In addition to conserving FC complex ligand residue interactions, synthetic evolution artificial intelligence conserved small molecule (2S)-2-(2-methoxyethyl) pyrrolidine ligand binding within the BS02 site, Fig. 6 (Bottom). Wherein, Cofactor and Coach predicted binding of the small molecule within the SYN-AI-3 BS02 site at a resolution of 1.7 Å. Our analysis revealed that the SYN-AI-3 BS02 ligand binding site comprised N42 → V42, S45 → A45 and V46 → A46 mutations. Further, analysis of ligand-residue interactions within the SYN-AI-3 BS02 site revealed that (2S)-2-(2-methoxyethyl) pyrrolidine interacts with residue V42 at a distance of 0.264 nm, A45 at 327 nm, A46 at 0.391 nm, F117 at 0.252 nm and residue K120 at a distance of 0.397 nm. Comparatively, (2S)-2-(2-methoxyethyl) binding within the parental bovine 14-3-3 docking protein BS02 site was characterized by interaction of residues N42 at 0.244 nm, S45 at 0.305 nm, V46 at 0.268 nm, F117 at 0.282 nm, and residue K120 at a distance of 0.366 nm. Notably, synthetic protein SYN-AI-1 displayed full conservation of the BS02 ligand binding site. Whereby, (2S)-2-(2-methoxyethyl) pyrrolidine interacted with residue N42 at a distance of 0.261 nm, S45 at 0.273 nm, V46 at 0.270 nm, F117 at 0.250 nm, and residue K120 at a distance of 0.385 nm.

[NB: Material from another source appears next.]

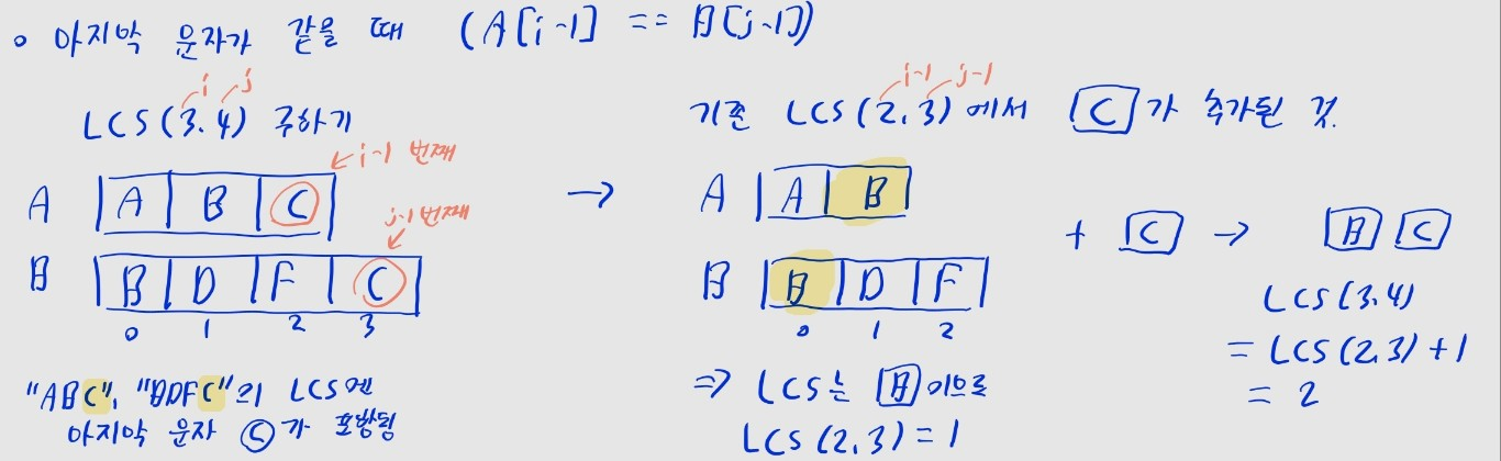 # 마지막 문자를 제외한 LCS의 길이에, 1을 더함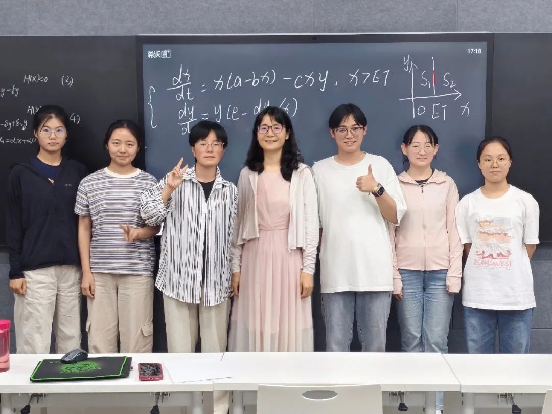 研究生们依次汇报研究进展与暑期计划:研究生杨楠琴聚焦“非光滑捕食-食饵系统”动力学分析,拟开展理论分析与数值模拟。研究生吕乙敏完成了流感的数据收集和统计分析工作,并从数据来源的可靠性、数值精度及模型选择等方面进行了统计分析。研究生刘思宇目前的工作聚焦于传染病的传播建模,创新性地融合机理驱动方法与数据驱动方法。博士生刘雪茹研究聚焦于Filippov系统中时滞效应对系统动力学的影响。博士生白朵主要从事传染病建模与模型参数估计的相关工作,目前已完成模型构建和数据收集,将进行模型的动力学分析、数值模拟。

Notably, synthetic evolution artificial intelligence successfully conserved protein-protein interactions as corroborated by Coach and Cofactor analysis of BS01 and BS02 ligand binding sites. Whereby, test probe I (TMLNLVSGRRR) occupied and was deeply buried within BS01 and BS02 ligand binding sites, Fig. 8 (Top Left). Test probe I ligand interaction was predicted at 2.74 Å with a C-score of 0.31. Whereby, the probe interacted with residues H38, K41, V42, A45, A46, R56, R60, F117, K120, R127, Y128, P165, I166, G169, L172, N173, V176, and E180 of the synthetic protein amphipathic grove Fig. 8 (Top right). Test probe II (VTYSG) binding within the BS01 site was predicted at a C-score of 0.82 and at a resolution of 2.3 Å, Fig. 8 (Bottom Left). Whereby, probe II interacted with residues K49, R56, R60, K120, R127, Y128, L172, V176 and E180 of the amphipathic grove, Fig. 8 (Bottom Right). Saliently, synthetic evolution artificial intelligence accomplished full conservation of BS01 ligand-binding residues within synthetic protein SYN-AI-3 with the exception of a K49 → A49 mutation as well as an additional G169 residue contact. Comparatively, synthetic protein SYN-AI-1 displayed full conservation of ligand-residue interactions with addition of the G169 residue contact. Whereby, SYN-AI-2 comprised K49 → A49 and R56 → A56 mutations in addition to the G169 contact.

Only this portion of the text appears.